RECORDS FOR THE EXERCISE Start Marker

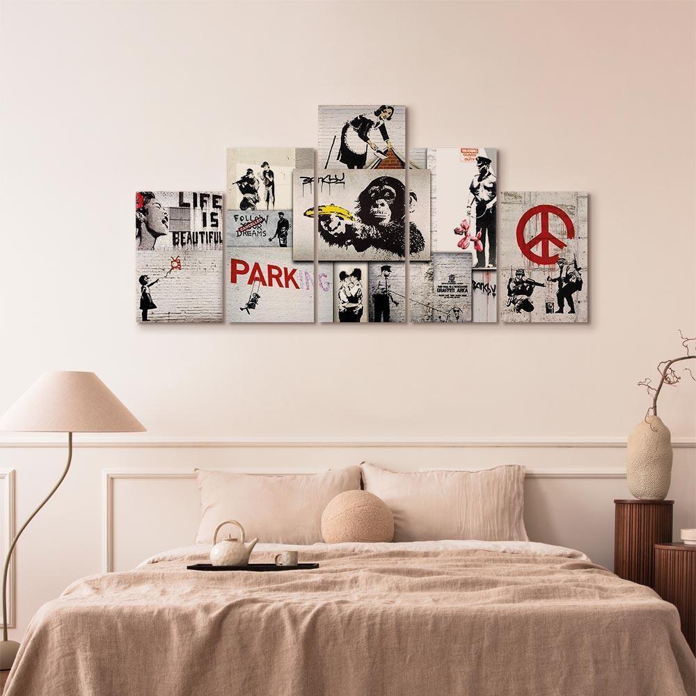 Niepowtarzalne obrazy z estetycznymi motywami są idealnym dopełnieniem eleganckiej aranżacji. Przy odrobinie kreatywności można je z łatwością dopasować do wnętrza urządzonego w każdym stylu. Obraz na płótnie „Obraz – Street Crimes: Banksy Art” to unikalny element dekoracyjny który jest niemal uniwersalny. Przypadnie do gustu każdemu, kto poszukuje oryginalnych ozdób, aby dopełnić swoją aranżację. Umieść go w swoim wnętrzu, a przekonasz się, że jest już kompletne i nie potrzebujesz już innych dodatków. Nie musisz się obawiać o jakość i wygląd swojej dekoracji. Dostępne w ofercie obrazy na płótnie wiernie odwzorowują detale. Odpowiednio dostosowana rozdzielczość druku gwarantuje intensywność kolorów oraz ostrość prezentowanego motywu. Tego typu produkty to doskonałe rozwiązanie, jeśli wciąż narzekasz na puste miejsce na ścianie i zastanawiasz się, jak je wypełnić. To stylowy element dekoracyjny, dzięki któremu wnętrze staje się wyjątkowo przytulne.
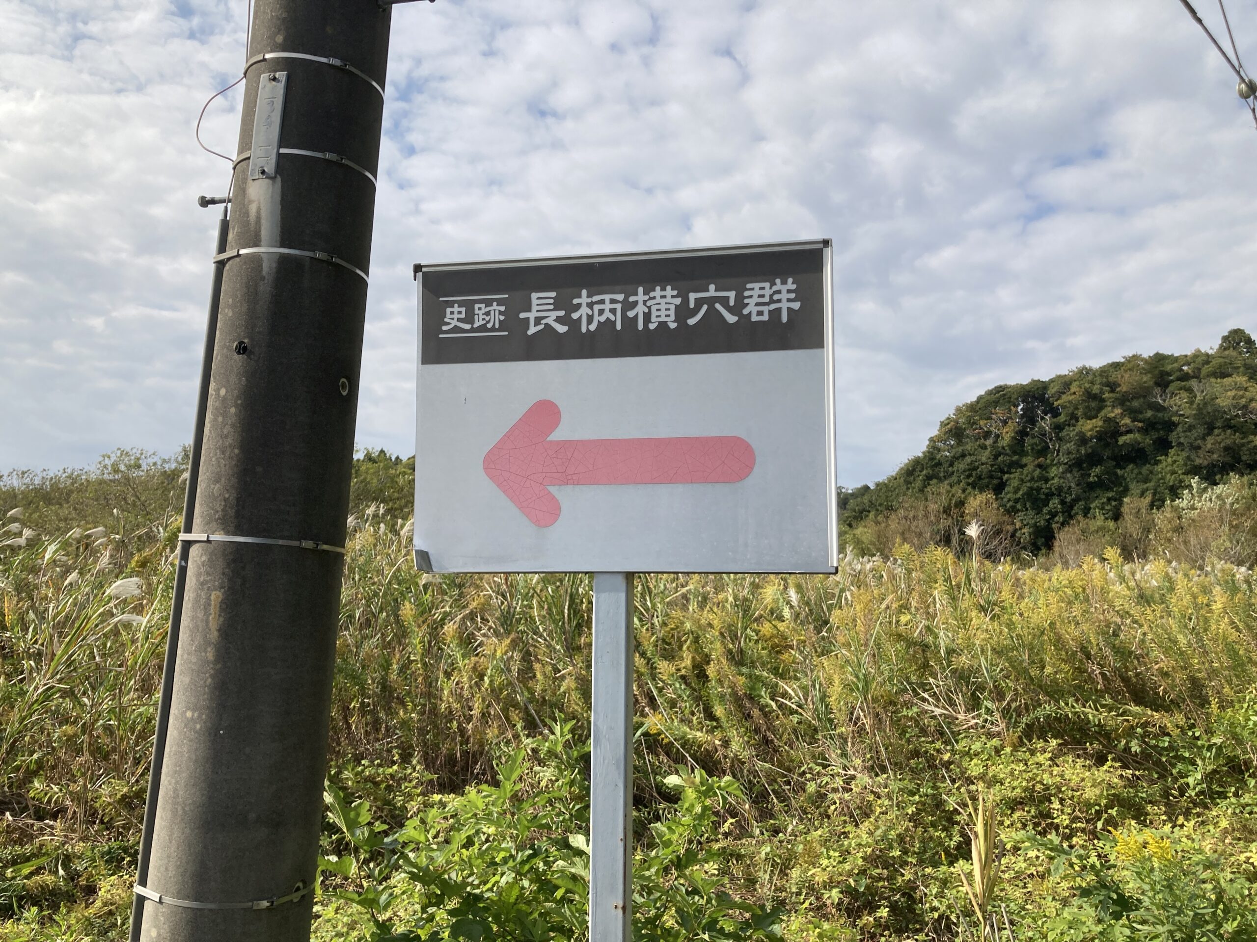 【長柄横穴群への案内板】
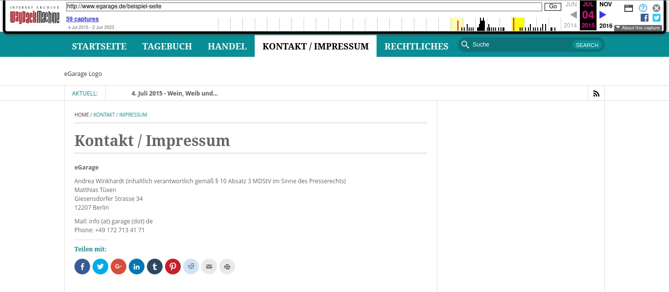 Und tatsächlich, schaut man auf der Webseite der Garage ins Impressum (arch), wird als ViSdP besagte Frau Winkhardt aufgeführt.
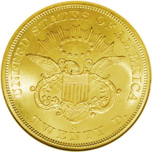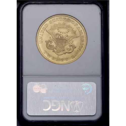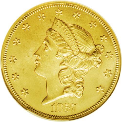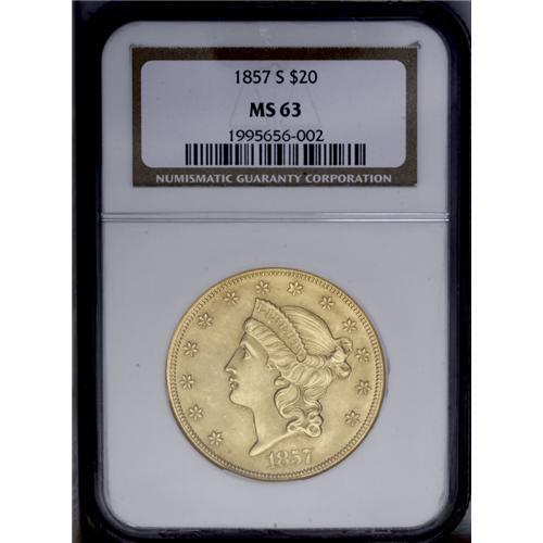 <B>1857-S<$20> MS63 NGC.</B></I> This is a technically superior example with pristine surfaces that are nearly unblemished. NGC chose to limit the grade because of rather matte-appearing, subdued luster, especially on the obverse. All of the design elements on both sides are boldly defined. Although not identified as such, it is likely that this example is from the <I>S.S. Central America</B></I> treasure. <BR><BR><B>Important notice:</B> Heritage usually auctions material at the rate of 200-250 lots per hour. On some occasions eBay Live bid software or the Internet may not be able to keep up with the pace of the auction. We recommend placing a realistic absentee bid now as insurance to avoid disappointment. Occasionally the auctioneer may eliminate or reject an eBay Live bid, and the auctioneer may also reopen a lot after the close of the eBay live bidding (usually because we missed an audience bid), and may reject your bid even if it shows you as the winning bidder. By bidding via eBay Live, you agree that Heritage may award the lot to another bidder at its sole discretion under the circumstances described above or any other reasonable circumstances. Since eBay bids are not shown to us until we open the lot on the floor, we treat those bids just like floor bids. In most cases the floor responds before the eBay bid is presented to us, due to Internet lag time, so for consistency we have made it a policy that floor bids are always considered first over tie eBay live bids. Also please note that all Heritage lots purchased through eBay Live carry a 20% Buyer's Premium. Please make sure you read the Terms and Conditions before you bid. This lot is being auctioned in conjunction with a live floor auction by Heritage Galleries & Auctioneers. All final auction and invoice information will be supplied by Heritage Galleries & Auctioneers, and all other information should be considered preliminary. Lot:4195 <BR><BR><B>Winning Notification and Billing:</B> After the FINAL session in this auction is complete, Heritage will send e-mail and snail mail invoices. This process normally takes several days. All final auction and invoice information will be supplied by Heritage Galleries & Auctioneers, and all other information should be considered preliminary. <BR><BR>This auction will be conducted on a live auction floor and over the Internet through eBay Live. If you choose to place an absentee bid, please take a moment to <font color='#0000ff'><u><a href='http://pages.ebay.com/liveauctions/help/before/laabsentee.html'>learn how eBay Live absentee bidding works</a></u></font><font color='#000000'>
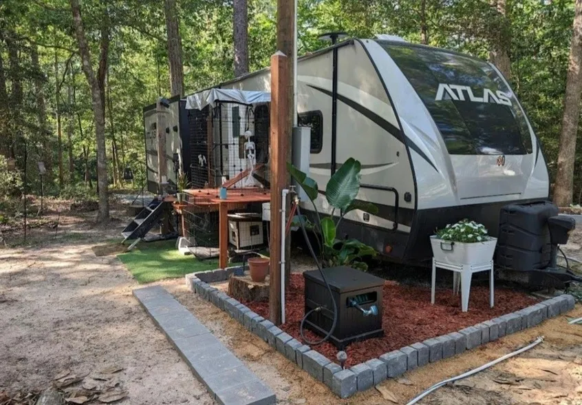 Cleared land for sale. Property has water and electricity. sewage holding tank. Partially fenced in. Prefect for weekend getaways & RV parking. (RV not included)
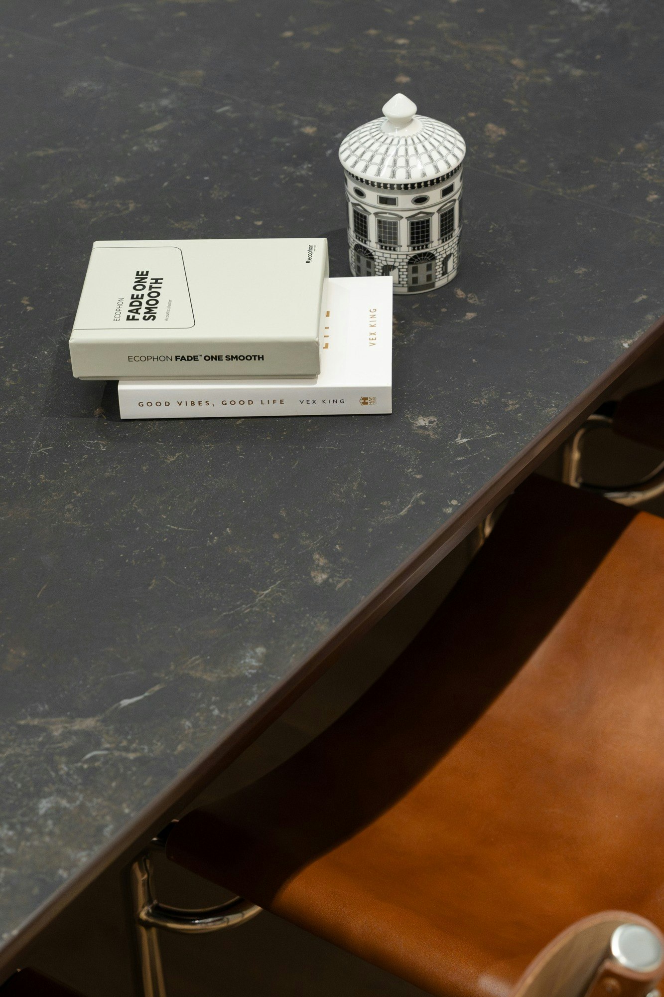 The meeting room, an intimate setting designed for more formal and private interactions, features a table with a Dekton Kelya top, accompanied by leather-backed chairs. The kitchen worktop is also clad in Cosentino's ultra-compact surface, in this case, Dekton Bromo, as is the bathroom vanity worktop, made with Dekton Neural.
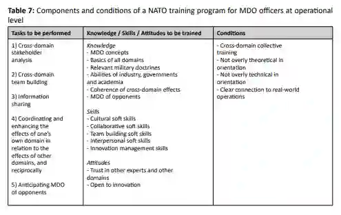 在军事行动中,跨越陆、海、空、天及网络空间的多域作战日益受到重视,其中技术与认知域作战扮演关键角色。然而,应如何以最佳方式为军官进行多域作战准备,目前尚不明晰。在国际环境中应用了一种军事设计思维方法,该方法汇集了来自不同专业背景的参与者,共同设计了一份作战层级多域作战培训方案的蓝图。本文发现为开发面向军官的多域作战培训方案提供了见解。
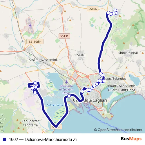 See why over 2 million users trust and consider busmaps.com as the best public transport website. busmaps gives you Cagliari Buses suggested routes, real-time bus tracker, line route maps in Cagliari, and helps to find the closest 1602 bus stops near you. No internet available? Download an offline PDF map and bus schedule for the 1602 bus to take on your trip.
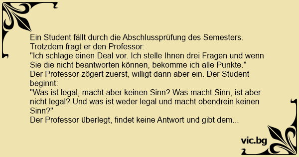 Der Professor überlegt, findet keine Antwort und gibt dem Studenten alle Punkte.
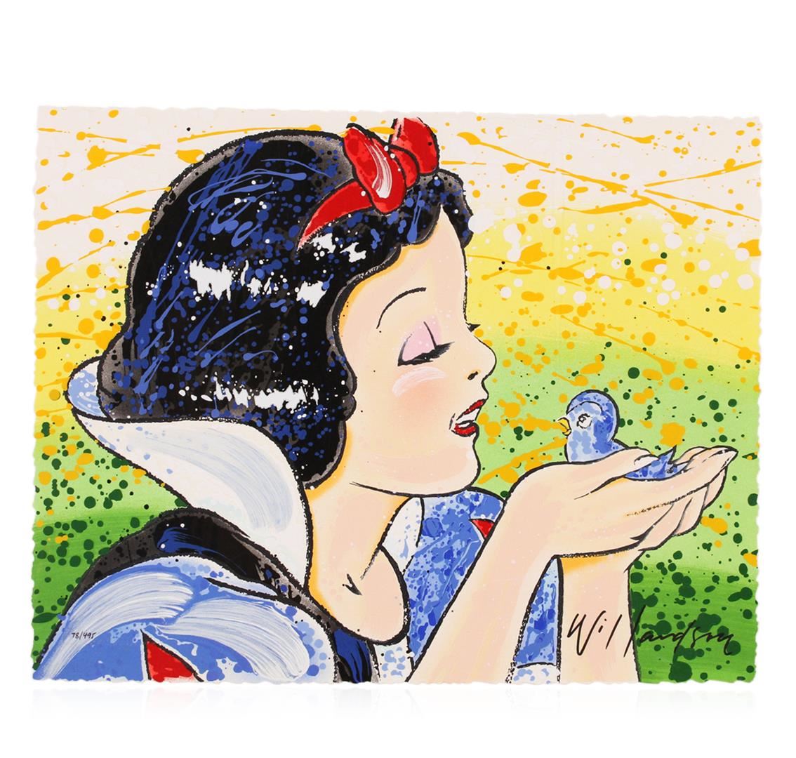 Licensed and loved for his incomparable interpretations of Disney characters, David Willardson produced a limited number of these signed serigraphs on deckled paper. This thoroughly charming image of Snow White befriending a little bird is classic Disney, and one of Willardson's most coveted editions. Frame it for your child's room or nursery, and they will grow up with Love. Limited Edition S/N Serigraph # 78/495.
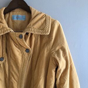 Banilla B retro vintage style soft thick comfy and cozy belted long length long sleeve zippered zip up winter jacket coat top with flattering buckle at waist. Yellow in colour. Fully lined. No size tag but likely a size S / small. Approximate measurements | armpit to armpit: 18.5“ waist: 16” length: 36“ sleeve: 24“ Great gently pre loved condition / EUC. Fabric and care tag are in foreign language - fabric is soft and corduroy like. Offers welcome!

RECORDS FOR THE EXERCISE End Marker

EXERCISE OBJECTIVE: No pictures should appear; only the lines from the first line of the records through the line with "Und tatsächlich, schaut", both included, are to be restated word for word.

WRITTEN ANSWER:
 Niepowtarzalne obrazy z estetycznymi motywami są idealnym dopełnieniem eleganckiej aranżacji. Przy odrobinie kreatywności można je z łatwością dopasować do wnętrza urządzonego w każdym stylu. Obraz na płótnie „Obraz – Street Crimes: Banksy Art” to unikalny element dekoracyjny który jest niemal uniwersalny. Przypadnie do gustu każdemu, kto poszukuje oryginalnych ozdób, aby dopełnić swoją aranżację. Umieść go w swoim wnętrzu, a przekonasz się, że jest już kompletne i nie potrzebujesz już innych dodatków. Nie musisz się obawiać o jakość i wygląd swojej dekoracji. Dostępne w ofercie obrazy na płótnie wiernie odwzorowują detale. Odpowiednio dostosowana rozdzielczość druku gwarantuje intensywność kolorów oraz ostrość prezentowanego motywu. Tego typu produkty to doskonałe rozwiązanie, jeśli wciąż narzekasz na puste miejsce na ścianie i zastanawiasz się, jak je wypełnić. To stylowy element dekoracyjny, dzięki któremu wnętrze staje się wyjątkowo przytulne.
 【長柄横穴群への案内板】
 Und tatsächlich, schaut man auf der Webseite der Garage ins Impressum (arch), wird als ViSdP besagte Frau Winkhardt aufgeführt.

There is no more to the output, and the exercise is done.